Li Yue, Yang Qing, Chen Minhua, Cai Heng, Fang Li, Zhou Junxin, Weng Rui, Ni Hanming, Jiang Yan, Hua Xiaoting, Yu Yunsong
Department of Infectious Diseases, Sir Run Run Shaw Hospital, Zhejiang University School of Medicine, Hangzhou, China.
Regional Medical Center for National Institute of Respiratory Diseases, Sir Run Run Shaw Hospital, Zhejiang University School of Medicine, Hangzhou, China.
Commun Biol. 2024 Dec 19;7(1):1646. doi: 10.1038/s42003-024-07337-5.

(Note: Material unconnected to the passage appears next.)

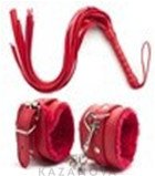 Наручники и флогер изготовлены из искусственной кожи красного цвета.

Klebsiella pneumoniae carbapenemase-producing Pseudomonas aeruginosa (KPC-PA) isolates have quickly expanded in China, especially the high-risk clone ST463. We aimed to explore the evolution of KPC-related plasmids driving ST463 clone success. Whole-genome sequencing of 1258 clinical P. aeruginosa strains (2011-2020) identified 106 ST463-PA isolates, with a KPC prevalence of 90.6%. Early on (2011-2012), ST463-PA obtained the KPC-encoding type II (pT2-KPC) or type I plasmid (pT1-KPC) to overcome carbapenem stress. Between 2012 and 2017, pT1-KPC plasmid dominated due to its lower fitness costs and IS26-driven bla amplification ability. By 2017-2020, large fragment deletions in pT1-KPC formed pT1-KPC plasmid. It conferred even lower fitness costs, enhanced bla gene stability, and greater copy-number flexibility, while maintaining horizontal transmission ability. Consequently, pT1-KPC plasmid finally succeeded, making ST463 the dominant ST in China. Our findings highlight evolutionary pressures driving ST463 dominance and emphasize the need for targeted strategies to control its spread and antibiotic resistance development.
产肺炎克雷伯菌碳青霉烯酶的铜绿假单胞菌(KPC-PA)分离株在中国迅速增多,尤其是高危克隆株ST463。我们旨在探究驱动ST463克隆株成功的KPC相关质粒的进化情况。对1258株临床铜绿假单胞菌菌株(2011 - 2020年)进行全基因组测序,鉴定出106株ST463-PA分离株,KPC流行率为90.6%。早期(2011 - 2012年),ST463-PA获得了编码KPC的II型质粒(pT2-KPC)或I型质粒(pT1-KPC)以克服碳青霉烯类抗生素压力。在2012年至2017年间,pT1-KPC质粒因较低的适应性代价和由IS26驱动的bla扩增能力而占据主导。到2017 - 2020年,pT1-KPC中的大片段缺失形成了pT1-KPC质粒。它赋予了更低的适应性代价、增强了bla基因稳定性以及更大的拷贝数灵活性,同时保持了水平传播能力。因此,pT1-KPC质粒最终成功,使ST463成为中国的优势序列型。我们的研究结果突出了驱动ST463占主导地位的进化压力,并强调需要采取针对性策略来控制其传播和抗生素耐药性发展。